A new meta-analysis offers compelling evidence on the causal relationship between indoor tanning and skin cancer risk.
About 5% to 8% of all melanoma and non-melanoma skin cancers diagnosed in Canada in 2015-or approximately 5,000 cases-are attributable to indoor tanning bed use, according to a recent study published in Cancer Epidemiology.
“There is copious evidence that being a user of indoor tanning increases your risk of skin cancer, and studies like this put that increased risk into a public health context,” said Mackenzie Wehner, MD, MPhil, clinical instructor and post-doctoral research fellow in dermatology at the University of Pennsylvania, in an interview with Cancer Network. “In other words, this study addressed how many skin cancers we might be able to prevent if no one used indoor tanning.”
Lifetime use of an indoor tanning device was associated with relative risks of 1.38 for melanoma (95% CI, 1.22–1.58), 1.39 for basal cell carcinoma (BCC; 95% CI, 1.10–1.76), and 1.49 for squamous cell carcinoma (SCC; 95% CI, 1.23–1.80). Of 5,000 total skin cancer cases in Canada in 2015, a total of 7.0% of melanomas, 5.2% of BCCs, and 7.5% of SCCs were caused by ever-use of indoor tanning devices. Of note, the population attributable risk was higher in women than in men and decreased with increasing age.

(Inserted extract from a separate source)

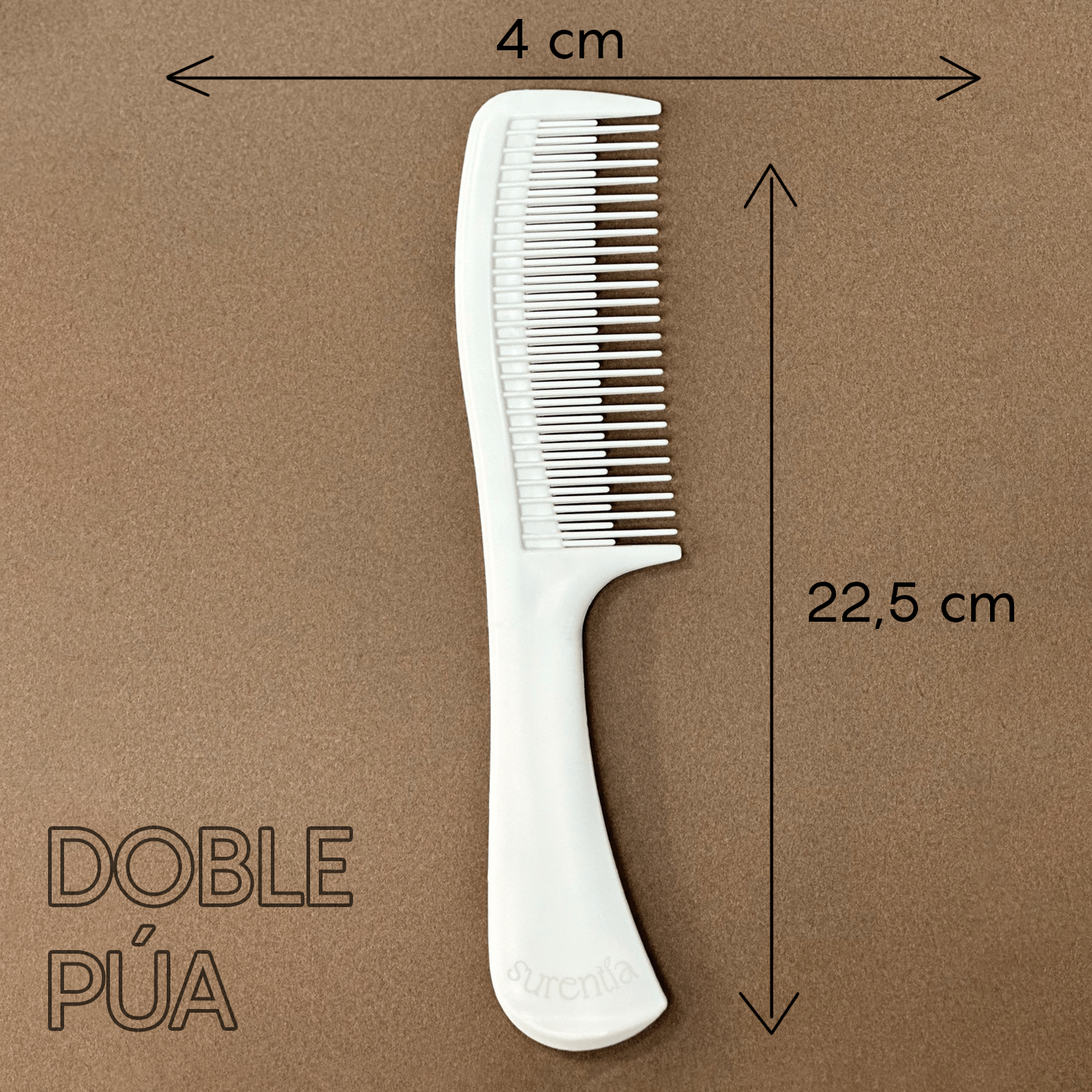 • TAMAÑO GRANDE: ¡Este ejemplar se destaca por su magnitud y es ideal para aquellos que buscan un peine más robusto! Olvídate de los días en los que tu cabello necesitaba más soporte. Con una longitud de 22,5 cm, sus púas grandes de 3 cm y las más pequeñas de 1,5 cm, este peine proporciona un manejo eficaz y cómodo para todos los tipos de cabello.

The researchers estimated the relative risks for skin cancer subtypes by conducting meta-analyses; they also estimated the prevalence of indoor tanning using the 2006 National Sun Survey. Age- and sex-specific melanoma data for 2015 were obtained from the Canadian Cancer Registry. Incidence data for non-melanoma skin cancer was gathered from the 2015 Canadian Cancer Statistics report. The researchers also accounted for ethnicity, which, according to Wehner, “is a more nuanced and conservative way to do the calculations than previous studies have used.”
Wehner drew comparisons between the current study and similar studies. “This study reports smaller, though still sizeable, percentages of skin cancers that are attributable to, or caused by, indoor tanning. This is likely because the authors did a more detailed analysis than has previously been done – they included age, gender, and ethnicity in their estimates,” she said. “Additionally, this study is specific to Canada.”
However, it may have limitations, said Wehner. “Notably, the authors estimated the number of people who had ever used indoor tanning by converting the number who had used indoor tanning in the past year. This is from published data, but it may not be valid,” she said. “Additionally, Canada does not have a registry for two of the skin cancer types (neither does the US), and this likely led to an underestimate of the number of skin cancers attributable to indoor tanning.”
In a separate interview with Cancer Network, Jerry D. Brewer, MD, MS, a professor of dermatology at the Mayo Clinic in Rochester, Minnesota, stressed the definitiveness of the study. “Tanning beds are known to cause cancer, and not just the common forms of skin cancer-basal and squamous cell carcinoma-but melanoma as well,” he said. “The evidence is now overwhelming.”